About this task: Among the entries below, find the line with "その一方で、自分自身にあては" and the line with "Қазақ халқының дәстүрлі". Return exactly those lines and every line between them, but no pictures.

Dataset records:
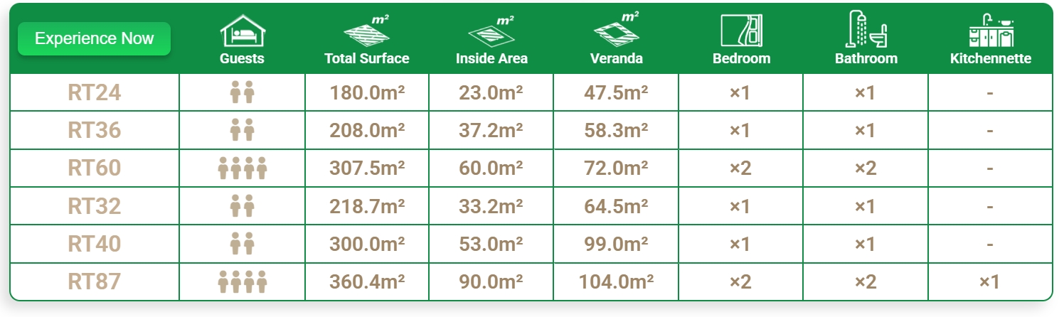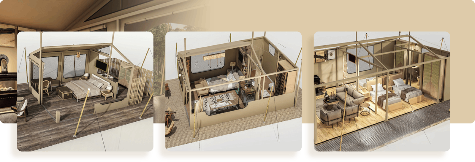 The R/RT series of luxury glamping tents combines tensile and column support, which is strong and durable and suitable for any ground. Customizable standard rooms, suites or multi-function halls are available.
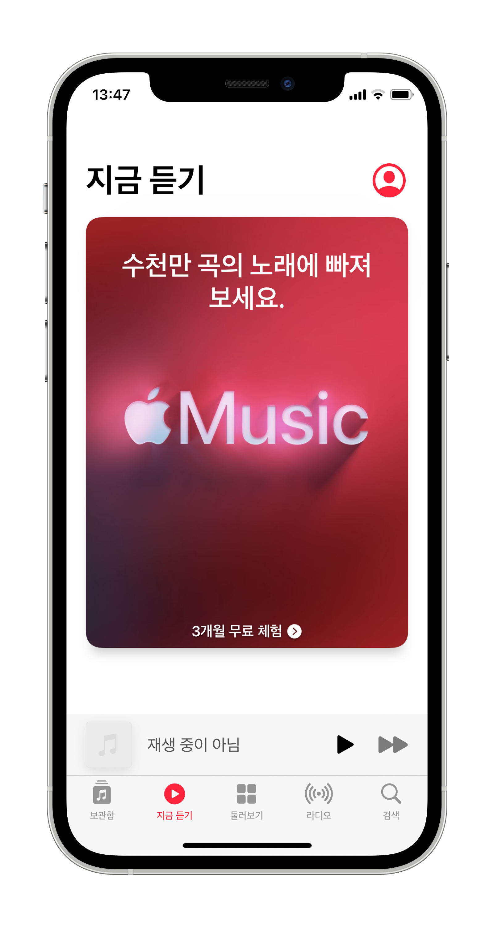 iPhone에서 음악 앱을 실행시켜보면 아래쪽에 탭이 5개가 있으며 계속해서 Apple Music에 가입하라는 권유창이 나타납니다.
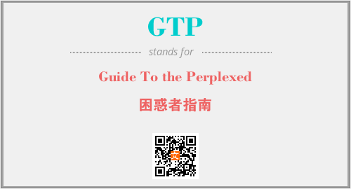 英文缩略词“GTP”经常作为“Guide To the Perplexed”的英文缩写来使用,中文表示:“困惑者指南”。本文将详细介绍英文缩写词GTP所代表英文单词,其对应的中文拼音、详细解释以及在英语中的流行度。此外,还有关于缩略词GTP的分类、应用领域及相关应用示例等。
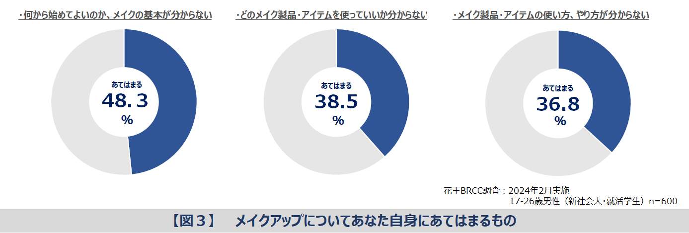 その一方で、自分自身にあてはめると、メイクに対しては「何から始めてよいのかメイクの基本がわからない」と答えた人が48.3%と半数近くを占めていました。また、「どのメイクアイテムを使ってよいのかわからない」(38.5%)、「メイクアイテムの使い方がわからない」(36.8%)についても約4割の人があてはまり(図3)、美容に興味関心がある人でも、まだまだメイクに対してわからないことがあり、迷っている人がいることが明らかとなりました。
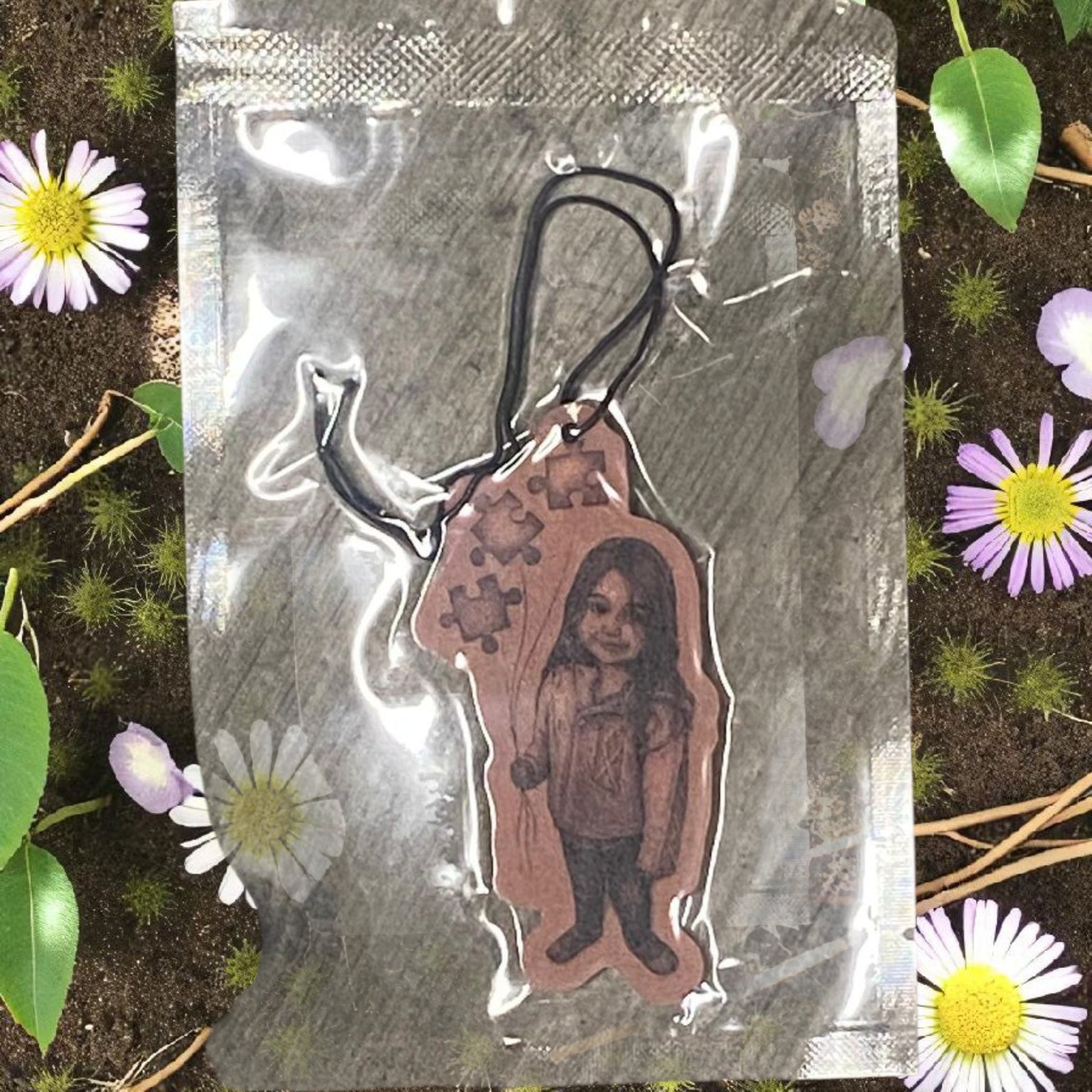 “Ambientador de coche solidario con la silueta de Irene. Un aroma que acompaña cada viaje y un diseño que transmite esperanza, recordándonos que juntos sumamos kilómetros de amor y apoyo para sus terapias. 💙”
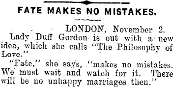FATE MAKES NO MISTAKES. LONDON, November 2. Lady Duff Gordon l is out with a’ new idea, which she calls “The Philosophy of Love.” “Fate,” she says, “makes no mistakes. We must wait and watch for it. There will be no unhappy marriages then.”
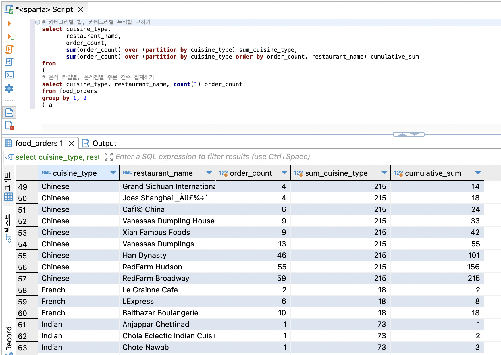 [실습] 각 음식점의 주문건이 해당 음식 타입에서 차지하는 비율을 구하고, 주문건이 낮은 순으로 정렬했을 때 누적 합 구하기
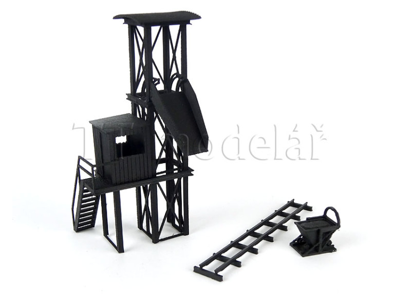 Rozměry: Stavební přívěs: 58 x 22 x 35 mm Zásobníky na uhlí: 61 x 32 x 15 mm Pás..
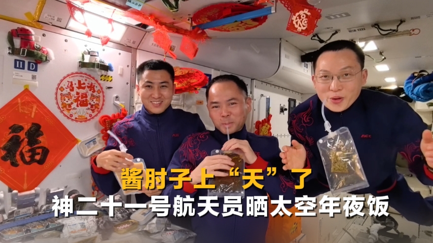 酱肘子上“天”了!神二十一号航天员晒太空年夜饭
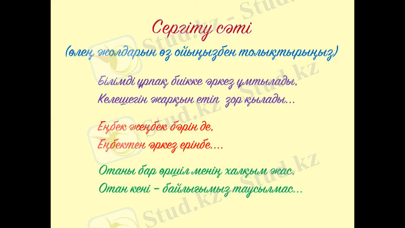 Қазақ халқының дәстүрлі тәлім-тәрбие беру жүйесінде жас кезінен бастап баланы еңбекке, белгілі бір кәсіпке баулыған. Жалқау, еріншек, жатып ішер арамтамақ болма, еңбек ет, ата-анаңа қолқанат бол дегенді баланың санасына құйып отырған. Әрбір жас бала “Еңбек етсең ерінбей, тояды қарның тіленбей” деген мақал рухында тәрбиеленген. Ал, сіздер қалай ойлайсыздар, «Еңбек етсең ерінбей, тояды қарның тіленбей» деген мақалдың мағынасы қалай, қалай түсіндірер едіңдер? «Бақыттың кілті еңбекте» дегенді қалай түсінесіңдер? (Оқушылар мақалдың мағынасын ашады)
--
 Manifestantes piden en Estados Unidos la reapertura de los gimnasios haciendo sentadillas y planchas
* * *
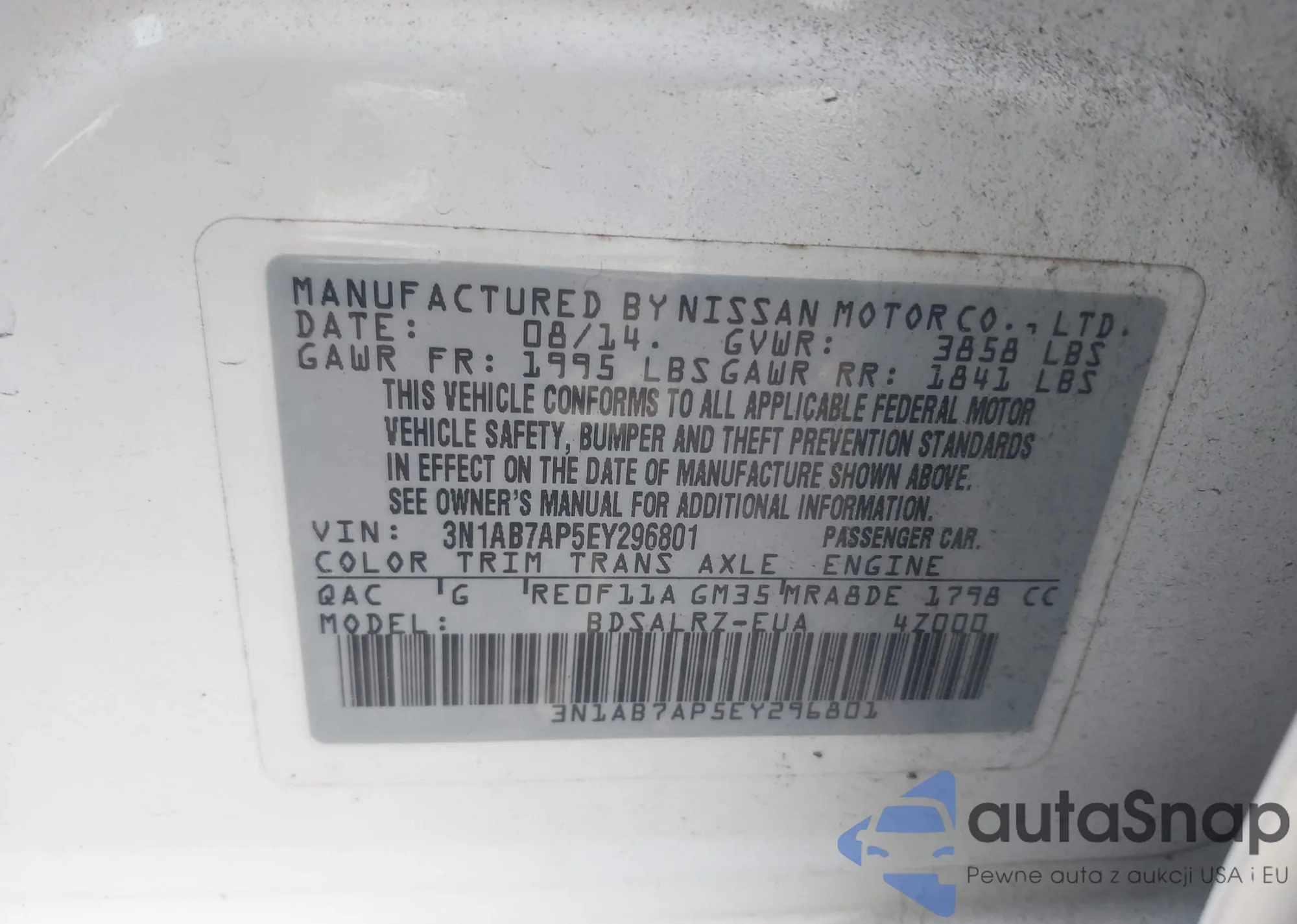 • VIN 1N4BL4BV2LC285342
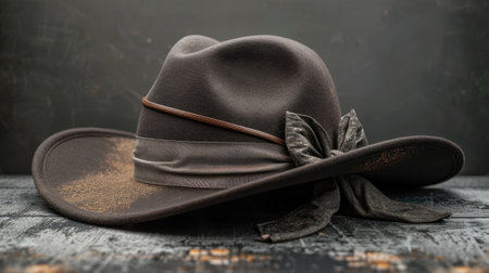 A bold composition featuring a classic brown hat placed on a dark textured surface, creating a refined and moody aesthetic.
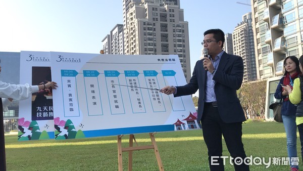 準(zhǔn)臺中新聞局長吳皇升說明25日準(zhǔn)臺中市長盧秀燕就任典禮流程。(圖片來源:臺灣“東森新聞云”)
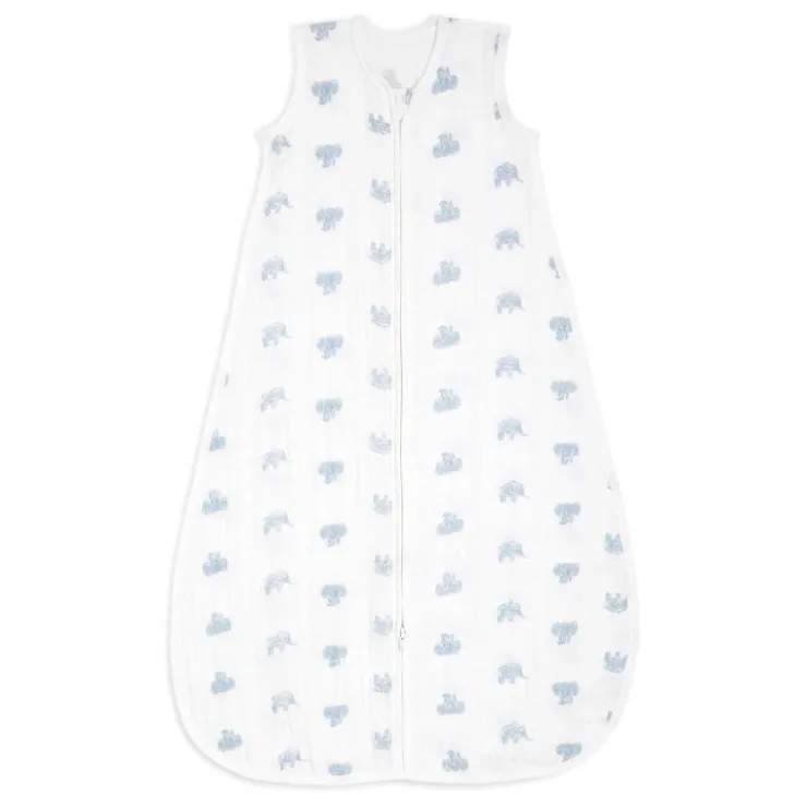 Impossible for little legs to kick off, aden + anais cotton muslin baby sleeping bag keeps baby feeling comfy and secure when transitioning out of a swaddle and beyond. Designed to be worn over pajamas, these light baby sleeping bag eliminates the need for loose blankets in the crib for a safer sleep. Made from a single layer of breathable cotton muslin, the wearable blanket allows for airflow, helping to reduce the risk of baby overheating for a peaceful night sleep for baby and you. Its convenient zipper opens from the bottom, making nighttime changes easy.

Answer box:
 その一方で、自分自身にあてはめると、メイクに対しては「何から始めてよいのかメイクの基本がわからない」と答えた人が48.3%と半数近くを占めていました。また、「どのメイクアイテムを使ってよいのかわからない」(38.5%)、「メイクアイテムの使い方がわからない」(36.8%)についても約4割の人があてはまり(図3)、美容に興味関心がある人でも、まだまだメイクに対してわからないことがあり、迷っている人がいることが明らかとなりました。
 “Ambientador de coche solidario con la silueta de Irene. Un aroma que acompaña cada viaje y un diseño que transmite esperanza, recordándonos que juntos sumamos kilómetros de amor y apoyo para sus terapias. 💙”
FATE MAKES NO MISTAKES. LONDON, November 2. Lady Duff Gordon l is out with a’ new idea, which she calls “The Philosophy of Love.” “Fate,” she says, “makes no mistakes. We must wait and watch for it. There will be no unhappy marriages then.”
 [실습] 각 음식점의 주문건이 해당 음식 타입에서 차지하는 비율을 구하고, 주문건이 낮은 순으로 정렬했을 때 누적 합 구하기
 Rozměry: Stavební přívěs: 58 x 22 x 35 mm Zásobníky na uhlí: 61 x 32 x 15 mm Pás..
 酱肘子上“天”了!神二十一号航天员晒太空年夜饭
 Қазақ халқының дәстүрлі тәлім-тәрбие беру жүйесінде жас кезінен бастап баланы еңбекке, белгілі бір кәсіпке баулыған. Жалқау, еріншек, жатып ішер арамтамақ болма, еңбек ет, ата-анаңа қолқанат бол дегенді баланың санасына құйып отырған. Әрбір жас бала “Еңбек етсең ерінбей, тояды қарның тіленбей” деген мақал рухында тәрбиеленген. Ал, сіздер қалай ойлайсыздар, «Еңбек етсең ерінбей, тояды қарның тіленбей» деген мақалдың мағынасы қалай, қалай түсіндірер едіңдер? «Бақыттың кілті еңбекте» дегенді қалай түсінесіңдер? (Оқушылар мақалдың мағынасын ашады)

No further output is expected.